WHAT TO WORK ON – Output the first line of the listing and each line after it, up to and including the line that contains "移動途中、アオウミガメがエサを食べている場面に遭遇", exactly as written, minus the pictures.

DATA PROVIDED –
______________________________

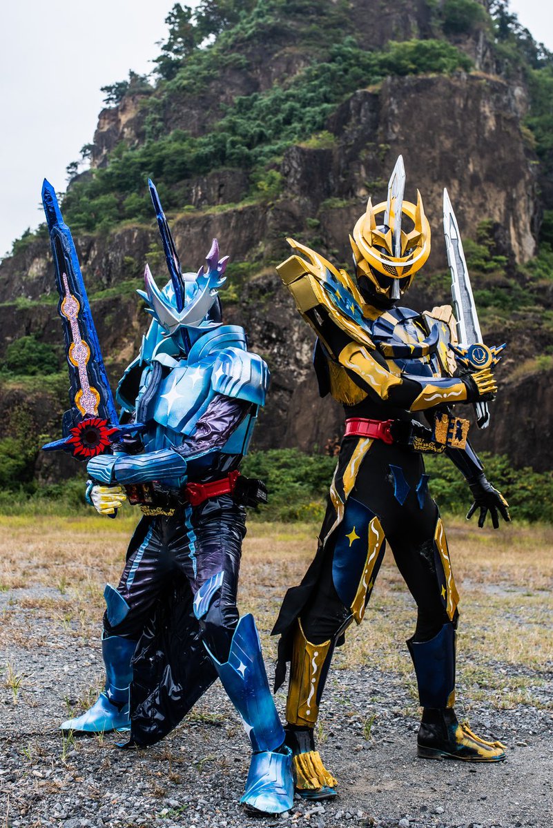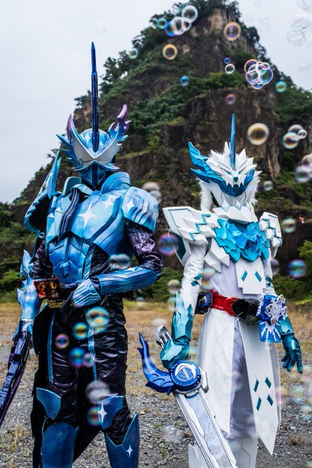 キユリノくん(@3821_kiyurino )と🙏 1号2号最強フォームで並べた✨✨✨ 二人の何気ない会話からここまで来れて本当に良かった🙏改めてタテガミ完成おめでとう(*´ω`*)また一緒に撮ろうね 撮影:ぐれさん(@osa_gekka ) シャボン玉:カタニキ(@kataageMK2 ) #聖剣の下に集いし剣士達
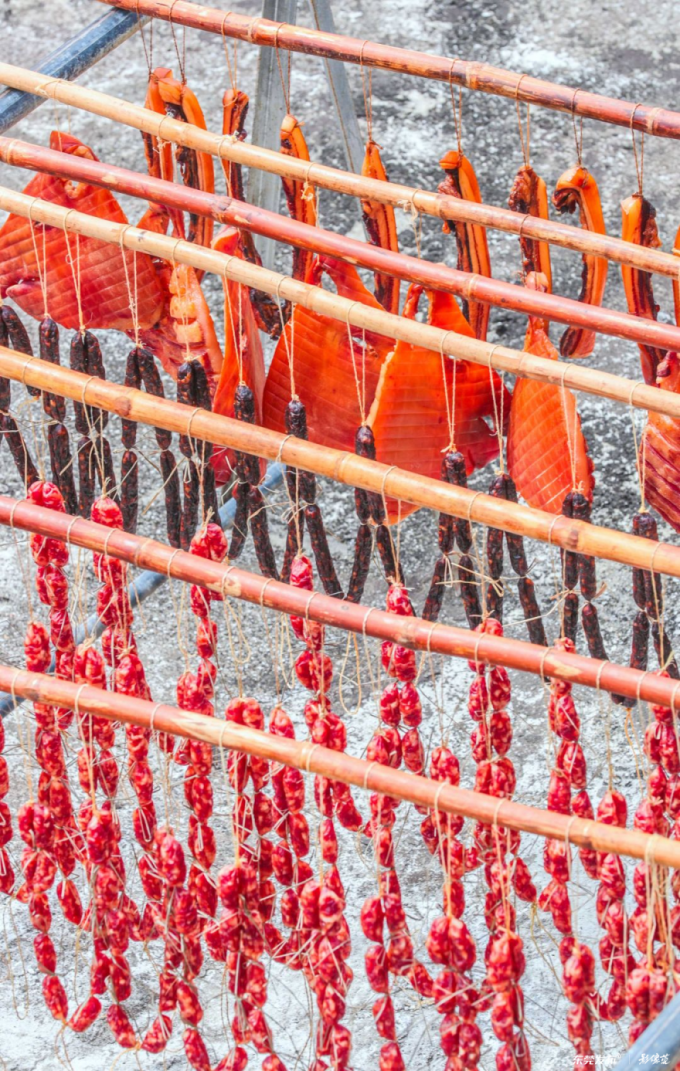 在秋风与暖阳中,腊味轻垂,铺展出烟火气满满的传统晾晒图景。图源:东莞发布 李淦斌 摄
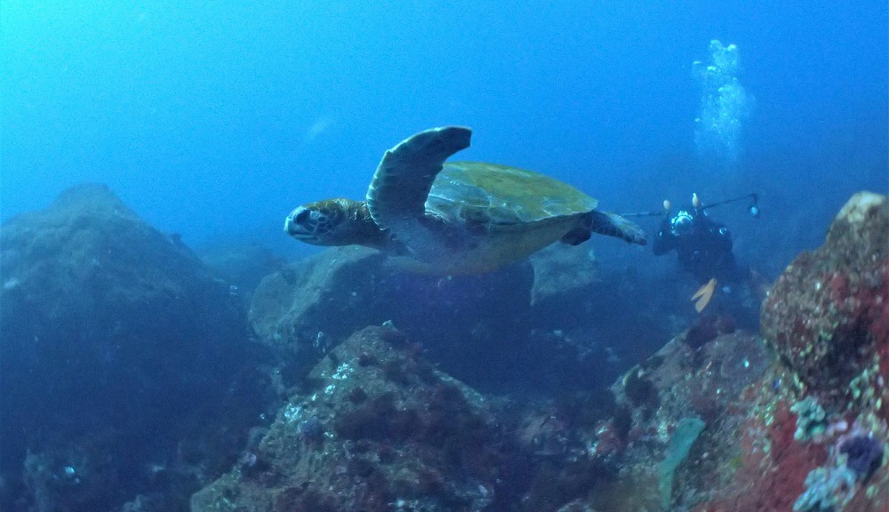 移動途中、アオウミガメがエサを食べている場面に遭遇
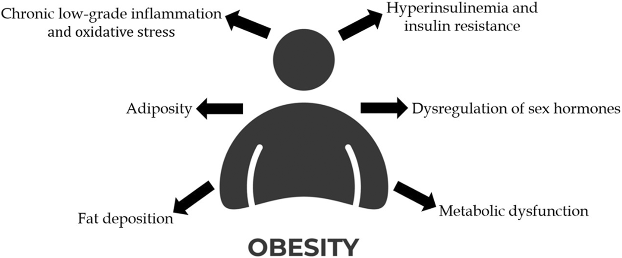 Notably, obesity is implicated in approximately 20% of all cancer cases, contributing to cancer development through several interconnected mechanisms, such as hyperinsulinemia and insulin resistance, dysregulation of sex hormones, chronic low-grade inflammation and oxidative stress, increased adiposity, the impact of ectopic fat deposition and metabolic dysfunction (Avgerinos et al., 2019; Karra et al., 2022; Wolin et al., 2010) (Figure 2).

______________________________

EXPECTED ANSWER –
 キユリノくん(@3821_kiyurino )と🙏 1号2号最強フォームで並べた✨✨✨ 二人の何気ない会話からここまで来れて本当に良かった🙏改めてタテガミ完成おめでとう(*´ω`*)また一緒に撮ろうね 撮影:ぐれさん(@osa_gekka ) シャボン玉:カタニキ(@kataageMK2 ) #聖剣の下に集いし剣士達
 在秋风与暖阳中,腊味轻垂,铺展出烟火气满满的传统晾晒图景。图源:东莞发布 李淦斌 摄
 移動途中、アオウミガメがエサを食べている場面に遭遇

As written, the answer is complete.